Análisis multidisciplinar del conflicto

Desde el punto de vista del bienestar animal, la mascota no ladra por molestia intencionada, sino por angustia, estrés de separación o falta de necesidades básicas si nadie está acudiendo a cuidarla de forma regular. En la esfera legal y comunitaria, dejar a un animal desatendido durante un periodo prolongado por causa de fuerza mayor requiere la intervención de redes de apoyo o de las autoridades locales para velar por su protección.

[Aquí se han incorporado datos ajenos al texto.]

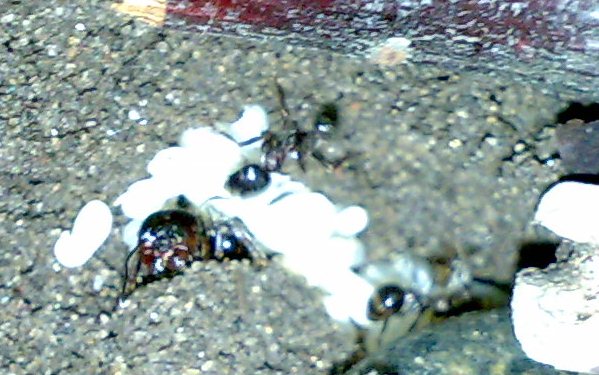 Самый главный из них - это "поймал ли я матку?" мы с братом покопались в муравейнике (только сверху, ничего не разломали)..вот, я надеялся найти муравья с крыльями, потому что был уверен, что матки обязательно с крыльями. но не нашел, достал пару коконов, пару больших муравьев, пару маленьких, и парочку огромных коконов-личинок или я не знаю, что это - белый муравьишка большой, только еще не оживленный. я надеялся, что вылупятся матки и я буду счастлив, потому что уже строю домик им. По картинкам - я уверен более чем на 90% что имею дело с messor structor. И потом увидел пару фото, где матка без крылышек. Скажите, я фото приделаю, где не оч хорошо будет видно. Есть у меня матка или нет? и когда у мессоров лет? и щас в августе вообще реально поймать кого нить или как я думал только весной лет? и что посоветуете сделать, чтобы поймать? или взять у кого нить? просто я формик сделаю завтра, и не хочу, чтобы он пустовал. да и по поводу формика у меня вопросы - но это не так важно - сначала надо выяснить, что делать с маткой? посоветуйте что нить пжлста

Opciones para gestionar el dilema

  • Investigar la red de apoyo del residente: Contacta con la presidencia o la administración del inmueble para averiguar si algún familiar tiene llaves o si es posible localizar a allegados que puedan hacerse cargo de la mascota.
  • Coordinar una solución temporal o solidaria: Si existe buena relación en el vecindario, se puede ofrecer ayuda puntual o ponerse en contacto con una asociación protectora local que gestione un acogimiento temporal mientras el propietario se recupera.
  • Avisar a los servicios municipales o policía local: Si la mascota se encuentra en situación de desamparo y no hay familiares localizables, las autoridades pueden actuar por vía de urgencia para retirar al animal de forma preventiva sin que esto suponga una sanción o perjuicio intencionado para el dueño.

Conclusión y consejo final

No debes plantear esta situación como una queja o un conflicto en la junta del edificio, sino como un acto de mediación y auxilio. Enfocar el problema desde la protección del animal y la ayuda al vecino ausente te permitirá resolver la falta de descanso sin remordimientos morales ni tensiones comunitarias. Acude cuanto antes a la administración del inmueble o a las autoridades competentes para que se haga cargo quien corresponda.